*** Opening of Data under study ***

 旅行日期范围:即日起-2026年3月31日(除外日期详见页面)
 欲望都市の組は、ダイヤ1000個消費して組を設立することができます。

*** Close of Data under study ***
*** Opening of Data under study ***

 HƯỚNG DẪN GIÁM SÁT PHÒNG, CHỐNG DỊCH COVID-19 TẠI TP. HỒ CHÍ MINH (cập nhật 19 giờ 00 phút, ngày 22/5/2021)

*** Close of Data under study ***

__Description of the task__: Retype only the lines above between the line with "旅行日期范围:即日起-2026年3月31日(除外日期详见页面)" and the line with "欲望都市の組は、ダイヤ1000個消費して組を設立することができます。", counting those two lines as well, and keep every character as it is.

__Result of the task__:
 旅行日期范围:即日起-2026年3月31日(除外日期详见页面)
 欲望都市の組は、ダイヤ1000個消費して組を設立することができます。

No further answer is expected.